[英]Scala Spark - Get Overloaded method when calling createDataFrame
I try to create a DataFrame from an Array of Array of Double (Array[Array[Double]]) like below: 我尝试从如下的数组Array of Array(Array [Array [Double]])创建一个DataFrame:
val points : ArrayBuffer[Array[Double]] = ArrayBuffer(
Array(0.19238990024216676, 1.0, 0.0, 0.0),
Array(0.2864319929878242, 0.0, 1.0, 0.0),
Array(0.11160349352921925, 0.0, 2.0, 1.0),
Array(0.3659220026496052, 2.0, 2.0, 0.0),
Array(0.31809629470827383, 1.0, 1.0, 1.0))
val x = Array("__1", "__2", "__3", "__4")
val myschema = StructType(x.map(fieldName ⇒ StructField(fieldName, DoubleType, true)))
points.map(e => Row(e(0), e(1), e(2), e(3)))
val newDF = sqlContext.createDataFrame(points, myschema)
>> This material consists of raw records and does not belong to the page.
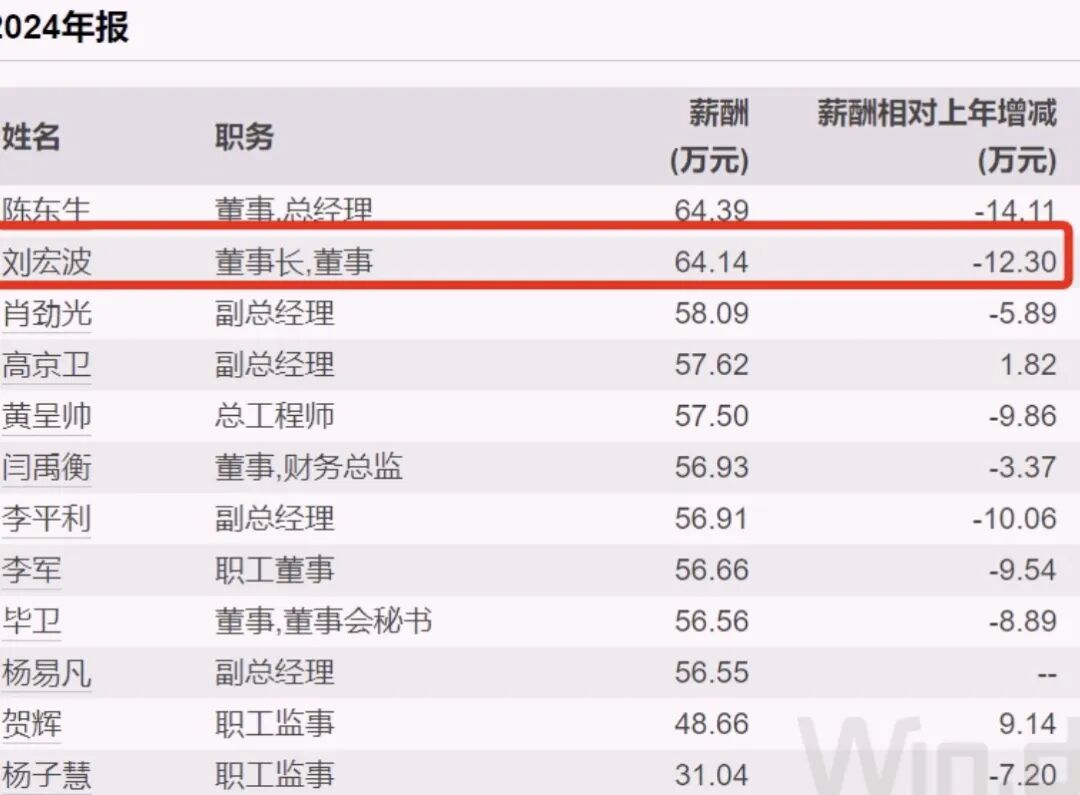 追溯历年数据,刘宏波的薪酬呈现波动上升趋势:2021年为48.64万元,2022年升至59.48万元,2023年达到76.44万元,2024年回落至64.14万元。38万元这一数字可能来源于早期年份或误传,公开可查的最近完整年度(2024年)薪酬为64.14万元。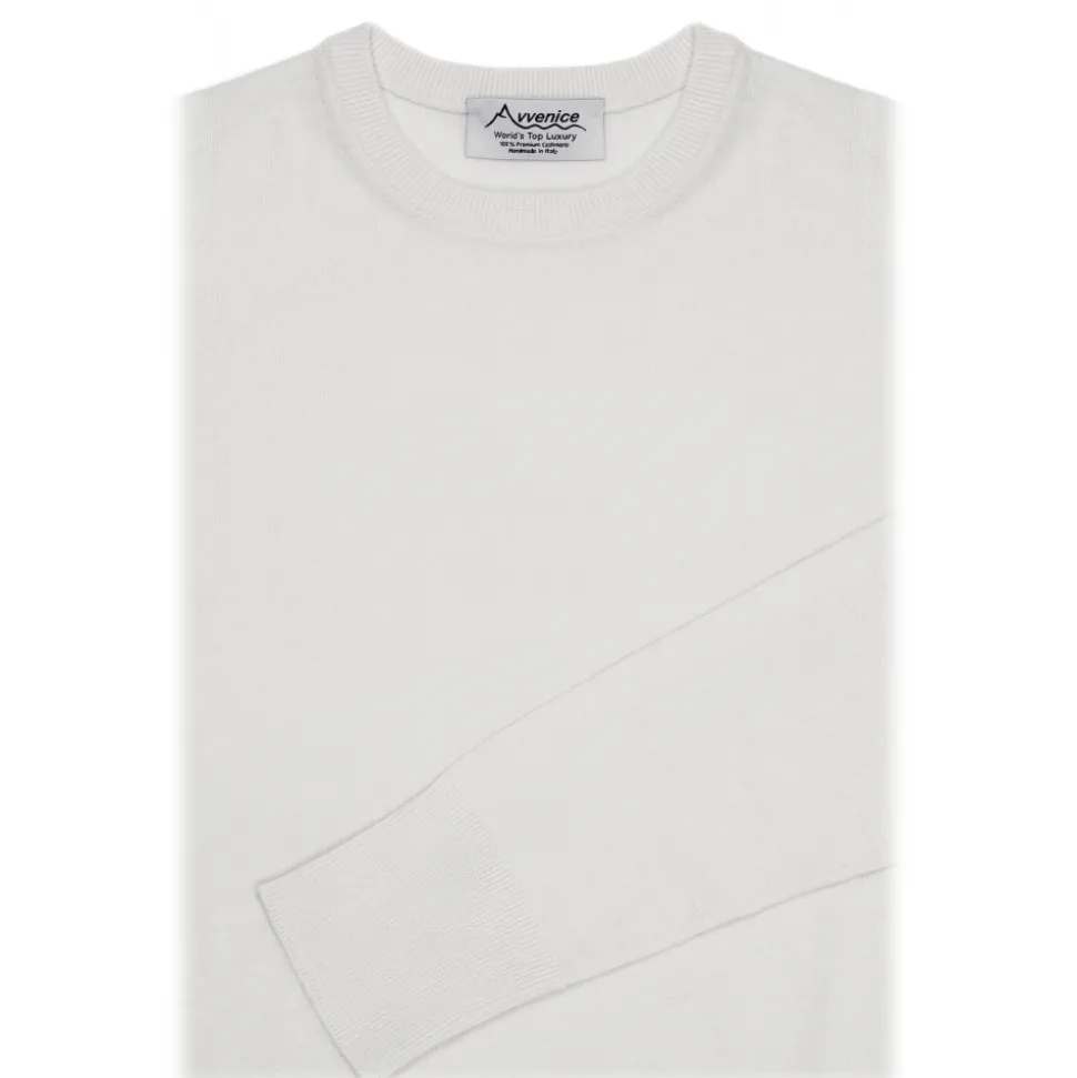 Avvenice – Athus – Man Loro Piana Cashmere Crew Neck Sweater – White – Knitwear – Luxury Exclusive Collection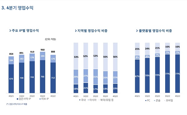 지역별 매출을 보면, 국내 매출은 19%를 차지했고, 아시아 지역 매출은 25%를 차지했다. 북미/유럽 지역 매출은 56%를 차지하며 해외 매출 비중이 81%를 차지했다. 플랫폼별 매출에서는 PC 플랫폼이 77%, 모바일 플랫폼은 16%를 기록했고, 콘솔 플랫폼은 7%를 차지하며 전분기 수준을 유지했다.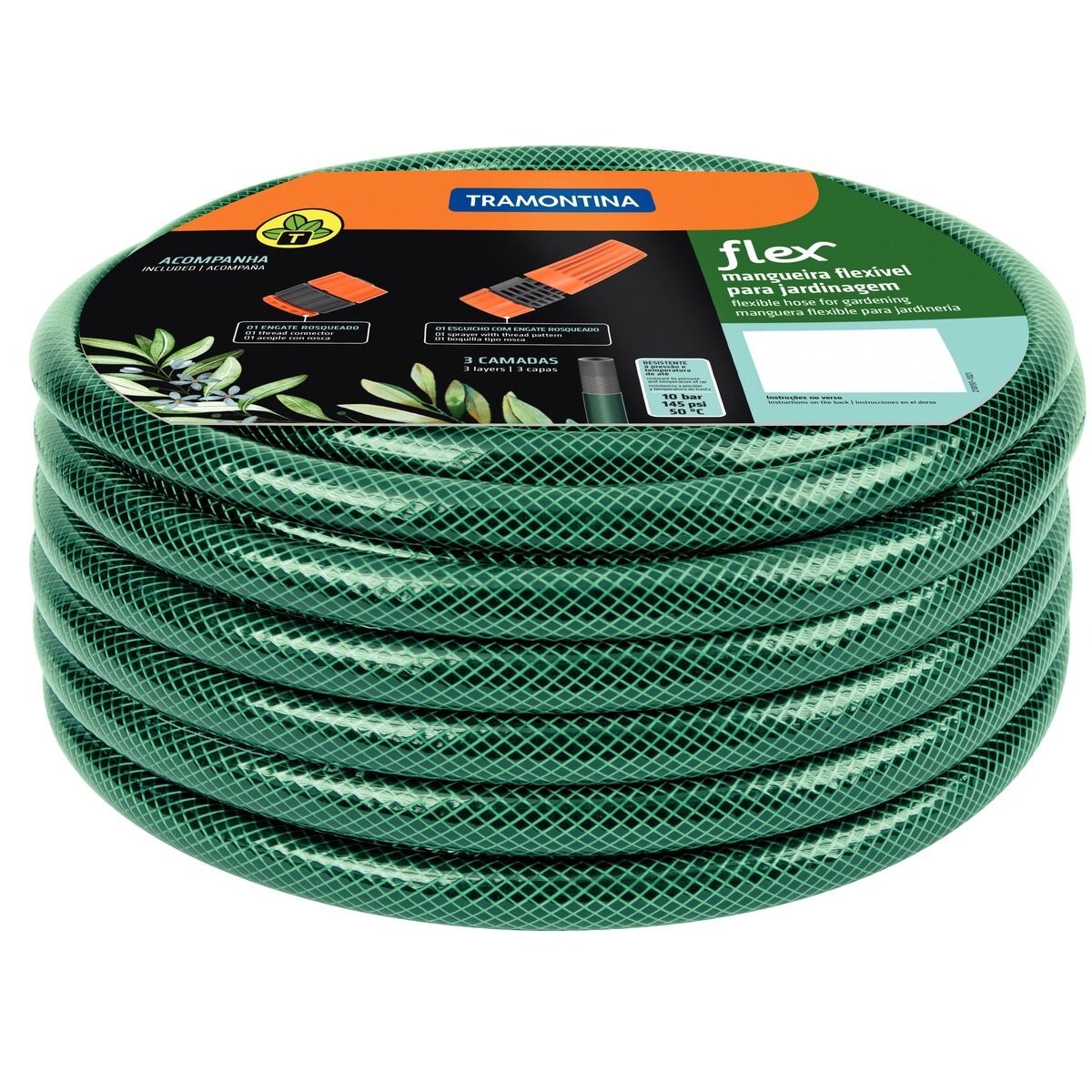 Mangueira flex verde pvc 3 camadas 20m engate rosqueado e esguicho tramontina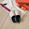 - Mule in suede with iconic “H” cut-out detail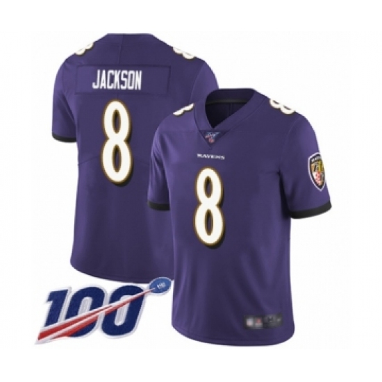 >Youth Nike Baltimore Ravens #8 Lamar Jackson Purple Team Color Vapor Untouchable Limited Player 100th Season NFL Jersey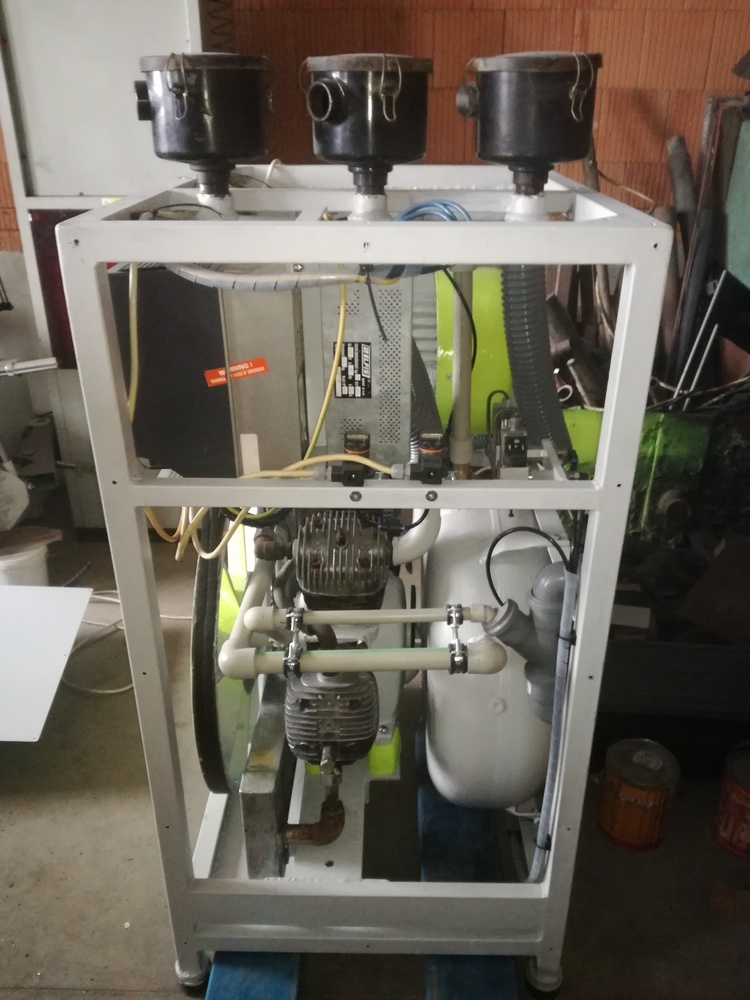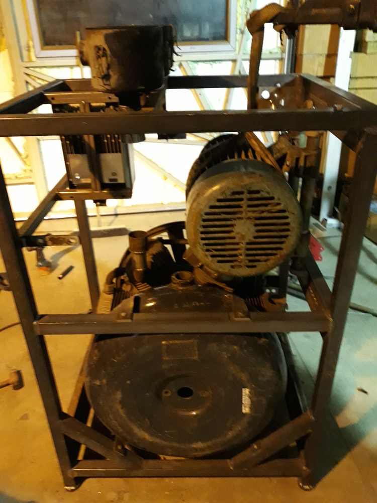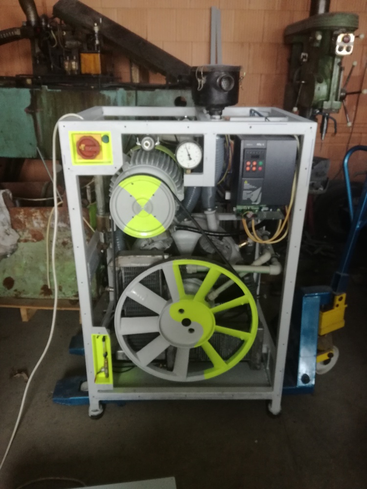 Kompresor stál původně na 1000l vzdušníku a měl k sobě 15kW motor.Je to dvoustupňový 4 válec. Maximální tlak 16 Atm. Chtěl jsem něco co mi vejde do technické místnosti, tak jsem předělal do "bedny".

But get this error: 但得到这个错误:
<console>:113: error: overloaded method value createDataFrame with alternatives:
(data: java.util.List[_],beanClass: Class[_])org.apache.spark.sql.DataFrame <and>
(rdd: org.apache.spark.api.java.JavaRDD[_],beanClass: Class[_])org.apache.spark.sql.DataFrame <and>
(rdd: org.apache.spark.rdd.RDD[_],beanClass: Class[_])org.apache.spark.sql.DataFrame <and>
(rows: java.util.List[org.apache.spark.sql.Row],schema: org.apache.spark.sql.types.StructType)org.apache.spark.sql.DataFrame <and>
(rowRDD: org.apache.spark.api.java.JavaRDD[org.apache.spark.sql.Row],schema: org.apache.spark.sql.types.StructType)org.apache.spark.sql.DataFrame <and>
(rowRDD: org.apache.spark.rdd.RDD[org.apache.spark.sql.Row],schema: org.apache.spark.sql.types.StructType)org.apache.spark.sql.DataFrame
cannot be applied to (scala.collection.mutable.ArrayBuffer[Array[Double]], org.apache.spark.sql.types.StructType)
val newDF = sqlContext.createDataFrame(points, myschema)
I searched over the internet but can't find out how to fix it! 我在互联网上搜索但无法找到解决方法! So if anyone has any idea about this, please help me!
所以,如果有人对此有任何想法,请帮助我!
There is no overload of method createDataFrame
that accepts an instance of ArrayBuffer[Array[Double]]
. 方法
createDataFrame
没有重载接受ArrayBuffer[Array[Double]]
的实例。 Your call to points.map
wasn't being assigned to anything, it returns a new instance rather than operating in-place. 您对
points.map
调用未被分配给任何内容,它返回一个新实例而不是就地操作。 Try: 尝试:
val points : List[Array[Double]] = List(
Seq(0.19238990024216676, 1.0, 0.0, 0.0),
Seq(0.2864319929878242, 0.0, 1.0, 0.0),
Seq(0.11160349352921925, 0.0, 2.0, 1.0),
Seq(0.3659220026496052, 2.0, 2.0, 0.0),
Seq(0.31809629470827383, 1.0, 1.0, 1.0))
val x = Array("__1", "__2", "__3", "__4")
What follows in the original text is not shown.